Running

homer_running

Every July 4th the wife and I run the Lake Mahopac 8 Mile Classic. The race circles one of New York’s most buautiful bodies of water, and also happens to take place in my hometown.

This year, for the first time, when the event ended they held a 1/4-mile race for kids. It cost $1, with all proceeds going to charity. My son, Emmett, is 3. My daughter, Casey, is almost 7. Both ran—and it was a true thrill.

Casey is unathletic. V-e-r-y unathletic. She initially didn’t want to participate, but when she saw the 25 (or so) other kids lined up, she jumped in. My son isn’t Michael Jordan, but he’s pretty fast, extremely determined and solidly coordinated. He was all go.

Both kids were wearing sandals. Casey took off and was leading Emmett for about half the race. Then she tired, looked back and said, “Come on, Emmett!” He caught up to her, then—with her blessing—passed. His face was scruched with determination, his arms pumping, his eyes straight ahead. He chugged his way around, crossed the finish line, then received his medal. Casey crossed a few seconds later, with my wife’s urging. She got her medal, too.

Can’t fully explain the ecstacy here, but I’ll try. This was the same track where I ran three years of high school track and XC (our races ended with a lap). So it was neat, seeing them line up on the same line I did, leaning forward, waiting for the start, fists clenched, hearts beating. Plus, I love running. L-o-v-e it.

Hopefully, they will too.

2 thoughts on “Running”

  1. Cool
    I love kids, all ages. There is something really magic about that 3-8 year old range that is totally fun. The imaginations go wild.
    I was a runner too.
    I live in Eugene, ever been here? You would LOVE it.
    Runners paradise.

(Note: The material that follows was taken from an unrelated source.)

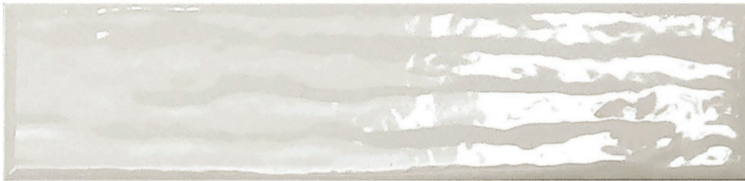
PEARL Glossy Finish

Instead of the stands being filled with a few friends and family they track meets are filled with spectators.
    This Saturday there were 12,834 spectators at the Prefontaine Classic.
    In the mile, this year, twenty runners, in two separate races, broke the 4-minute barrier.

  2. And inevitably somewhere someone is saying, “damn PC, every kid gets a medal. That’s what’s ruining this country.”

    Jeff, congratulations on watching your children literally follow in your footsteps. I know that joy.

    Your kids were probably thrilled to get that medal and will keep it for a long, long time. Hopefully that encourages them to stay involved in positive activities like running and other sports.